**TASK TO COMPLETE**
In the output, include exactly the lines from the beginning of the records up to and including the one that contains "Package2 Includes: (Necklace", and leave out the pictures.

*** TASK INPUTS ***

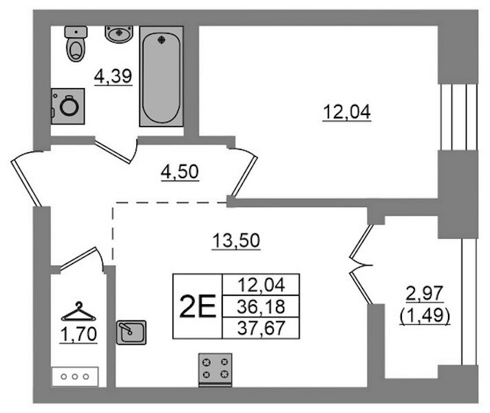 Однокомнатная квартира на 7-ом этаже 37,67 кв.м
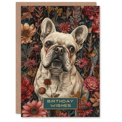 Artery8 Birthday Card Tan French Bulldog in Wildflower Garden Wishes For Him Her Man Woman Girl Boy Wife Husband Greeting
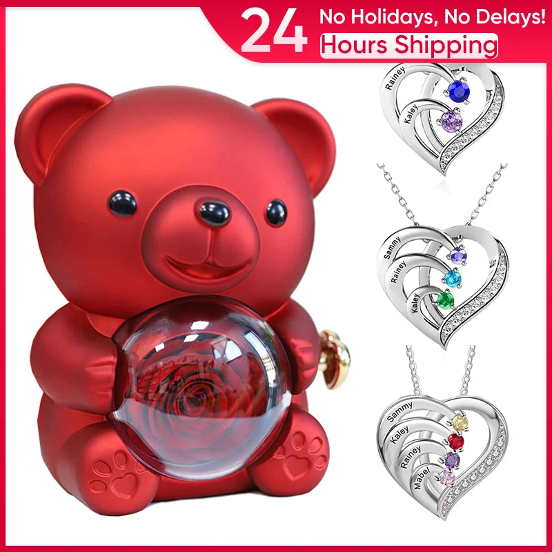 Package2 Includes: (Necklace x1, Rose Bear x1, Package Box x 1, HandBag x 1 )
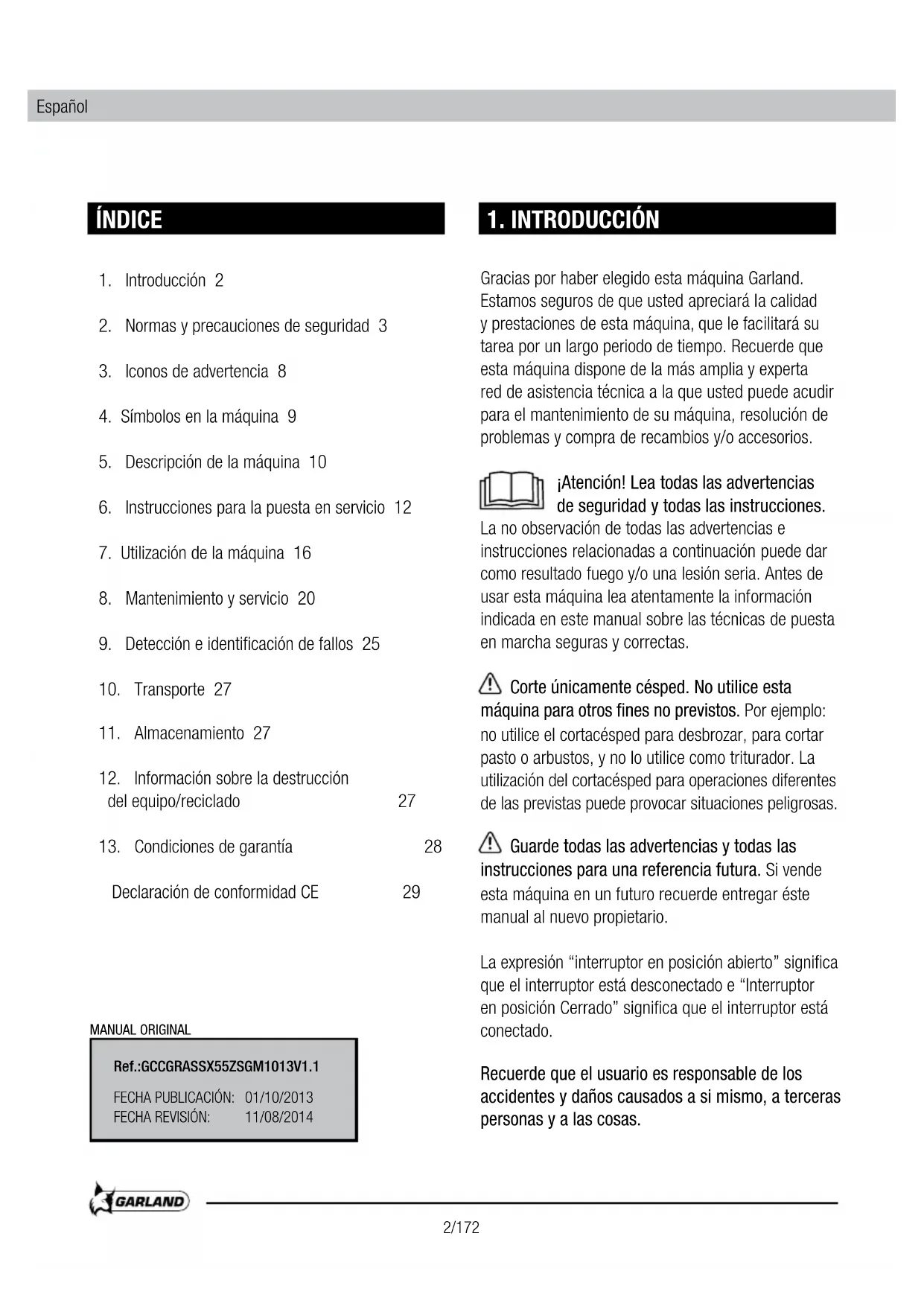 Gracias por haber elegido estaquina Garland. Estamos seguros de que usted appreciará la calidad y prestaciones de estaquina, que le fácilará suarea por un长大o periodo de tiempo. Recuerde que estaquina dispone de la más amplía y expertarede asistencia技术水平a que usted pueda acudirpara el mantenimiento de suquina,Resolution deproblemas y comprade recambios y/o accesorios.
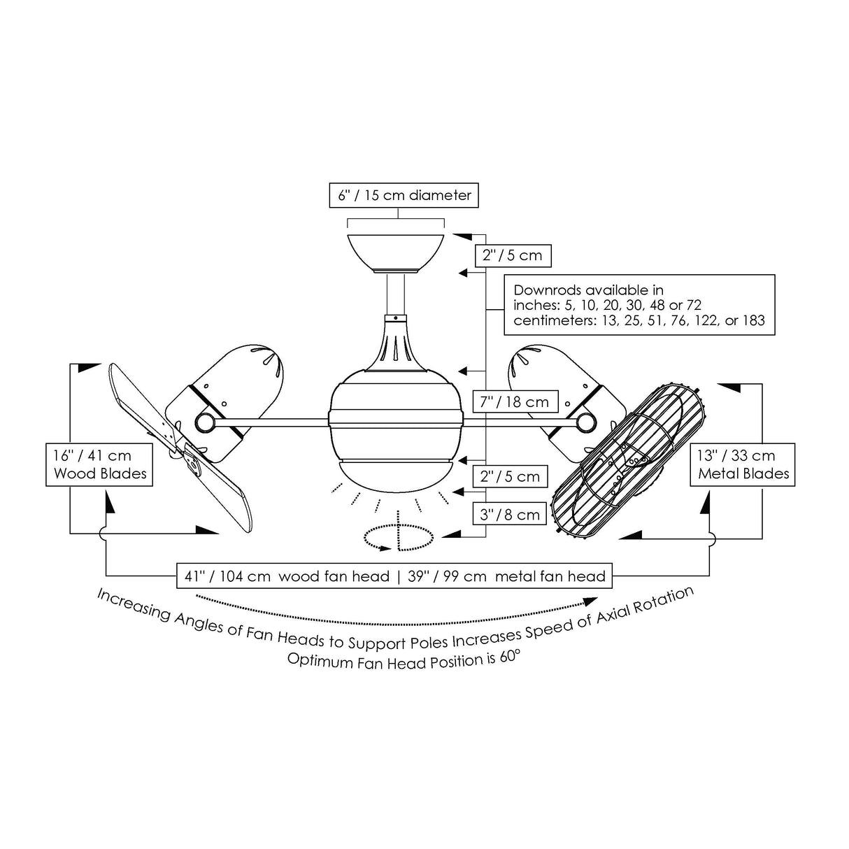 With clean, fluid lines, the Dagny LK 360° rotational fan is a striking centerpiece in any space. Its movement about its cylindrical center housing is smooth and quiet. Dagny LK’s dual fan heads can be infinitely positioned in 180-degree arcs for optimum and customized air movement. As the angle between the fan heads and the horizontal support rods is increased, so does the speed of Dagny LK’s axial rotation. Matthews rotational fans circulate heat and air conditioning more efficiently than traditional paddle fans. Constructed from cast aluminum and heavy stamped steel, the Dagny LK
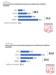 Η γενικευμένη δυσπιστία καταρρακώνει και την αξιοπιστία του θεσμού της ελληνικής Δικαιοσύνης, με μόνο το 28,2% να δηλώνει ότι την εμπιστεύεται, σε αντίθεση με την Ευρωπαϊκή Εισαγγελία, της οποίας ο βαθμός εμπιστοσύνης των Ελλήνων φτάνει στο 61%, με τους περισσότερους να έχουν εναποθέσει στο κοινοτικό όργανο τις προσδοκίες για τη διαλεύκανση των υποθέσεων που ταλανίζουν τη χώρα.
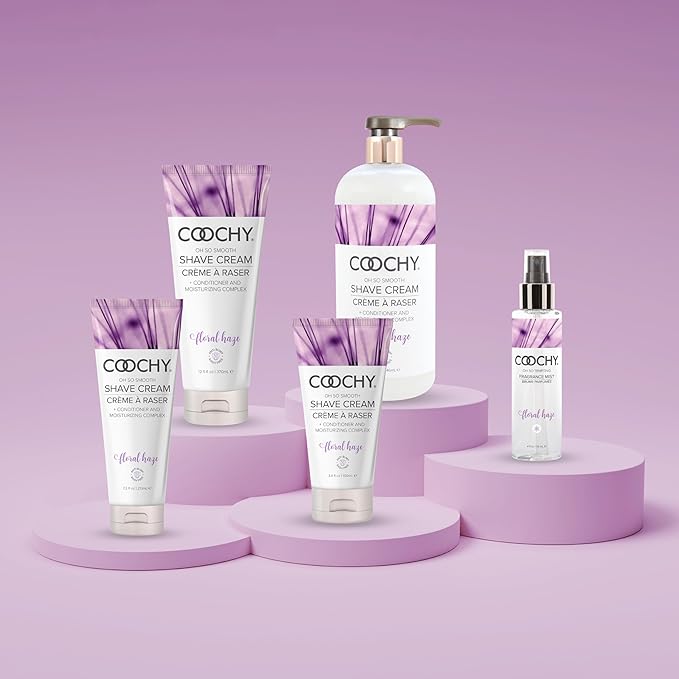 - 7 SCENTS TO CHOOSE FROM: Coochy Au Natural, Coochy Frosted Cake, Coochy Floral Haze, Coochy Island Paradise, Coochy Sweet Nectar, Coochy Peachy Keen, Coochy Key Lime Pie. COOCHY does not contain unnecessary foaming agents. Tip: As with any shave cream for women, soak skin and exfoliate before shaving.
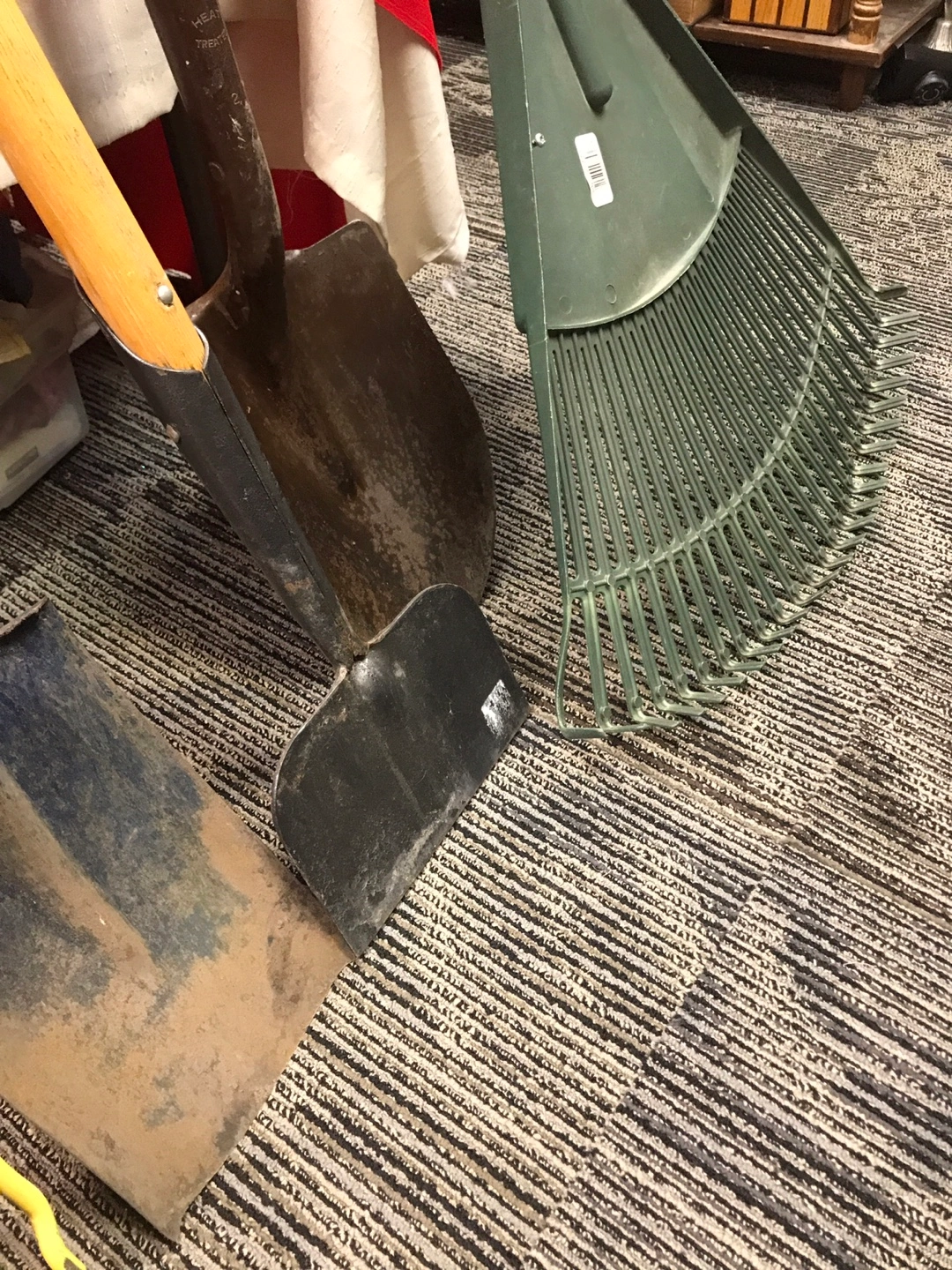 This set includes various gardening tools for digging, raking, and cultivating. It features two shovels, a garden rake, a hoe, and a hand cultivator. These tools are ready for your next outdoor project! All for $75.00

*** End of TASK INPUTS ***

**OUTPUT FOR THIS EXERCISE**
 Однокомнатная квартира на 7-ом этаже 37,67 кв.м
 Artery8 Birthday Card Tan French Bulldog in Wildflower Garden Wishes For Him Her Man Woman Girl Boy Wife Husband Greeting
 Package2 Includes: (Necklace x1, Rose Bear x1, Package Box x 1, HandBag x 1 )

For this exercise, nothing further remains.